Back to the musician. What can I say to someone like him? Offering my own experience up as an example of "It can be different" would probably engender pity not elucidation. Telling him he's adorable would simply re-enforce his behavior of putting himself down.

Guess I'm stuck listening to his put-downs and offering up prayers to whatever higher power is out there that he one day gets it, puts the sentiments into a song, and changes the world by playing it everywhere.

Wednesday, March 9, 2011

Oops

Because I had a minor medical procedure last Friday, I had a blog entry set aside for use. Today, I read it. Hate it. The concept is good, but it needs work. Rather than post something inferior, I'm going to wait.

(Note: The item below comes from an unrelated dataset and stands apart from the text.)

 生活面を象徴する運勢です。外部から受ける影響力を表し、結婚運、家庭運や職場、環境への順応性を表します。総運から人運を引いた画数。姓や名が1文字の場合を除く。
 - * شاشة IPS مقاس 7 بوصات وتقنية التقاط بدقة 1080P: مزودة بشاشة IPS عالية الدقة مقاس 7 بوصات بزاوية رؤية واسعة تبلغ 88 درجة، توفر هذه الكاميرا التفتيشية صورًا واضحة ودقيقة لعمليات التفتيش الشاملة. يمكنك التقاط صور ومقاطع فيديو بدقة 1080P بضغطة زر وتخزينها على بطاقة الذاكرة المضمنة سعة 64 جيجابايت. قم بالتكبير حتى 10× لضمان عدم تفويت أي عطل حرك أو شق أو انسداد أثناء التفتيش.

Didn't want anyone to think I fell off the face of the earth.

Wednesday, March 2, 2011

The Body Complicated

I am my body and my body is me, no more distinguishable as two "parts" than water's components can be perceived as hydrogen and oxygen by the tongue. This body that is me, that I inhabit fully, is at the center of a multitude of complicated relationships. There is the body I dwell in and the distorted image reflected back to me from others as if viewed in a fun house mirror. There is the body I know and there is the construct that has seemingly constant medical issues. There is the body I occupy and the shape the symptoms of my illness outline. There is even this body I inhabit and the form revealed to me by the hands of a lover.

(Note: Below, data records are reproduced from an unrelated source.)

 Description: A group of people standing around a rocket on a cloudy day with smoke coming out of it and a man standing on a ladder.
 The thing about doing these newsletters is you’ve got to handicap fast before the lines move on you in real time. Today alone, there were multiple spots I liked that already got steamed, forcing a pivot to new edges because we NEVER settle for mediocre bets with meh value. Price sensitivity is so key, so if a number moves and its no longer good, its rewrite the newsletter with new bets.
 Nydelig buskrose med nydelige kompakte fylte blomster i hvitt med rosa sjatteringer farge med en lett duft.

The friend of my body finds the strangers of image, construct, shape and form to be alien. Yet still they tangle together in my mind hard to distinguish from one another.

Sometimes even my fingers forget who is friend and who is foreign. They may slide over the same skin, but they sense a radically different typography. One is the familiar smooth skin over muscle and bone that contains strength, determination, passion, and playfulness. Depending on the circumstances, my fingertips will encounter something else. Sometimes it's scars, asymmetry, and flab that compose an ugly, damaged image. Sometimes they feel that which is underneath the skin and constantly going awry. Sometimes they sense all the aches and pains, stiffness and tenderness of a sick shape. And sometimes they even discover the swells and valleys, softness, warmth, and sensitivity of a sensual form. And though one is friend and the rest alien, I mistake one for the other more often than even I know.

While it is clear that the reflected image, medicalized construct, and sickened shape are unwelcome in my head, you would be surprised at how often I do not welcome the sensuous form. It acts as a reminder that no eyes are looking upon it with desire, and no hands enjoying its contours. There is no wanting, no intimacy, and no affection. When this stranger comes to me, the loneliness that wells up pushes tears from my eyes and sorrow deep down into my soul.

Unlike the reflection, construct, or shape, I would make friend of this stranger if only it wasn't a painful reminder of that which I do not have. In the moments when I think maybe, just maybe I can call it friend, something acts as a reminder that it's not possible. At best, we are acquaintances having extraordinary trouble becoming closer. At worst, the companion I long for hurts me in a way unable to be soothed.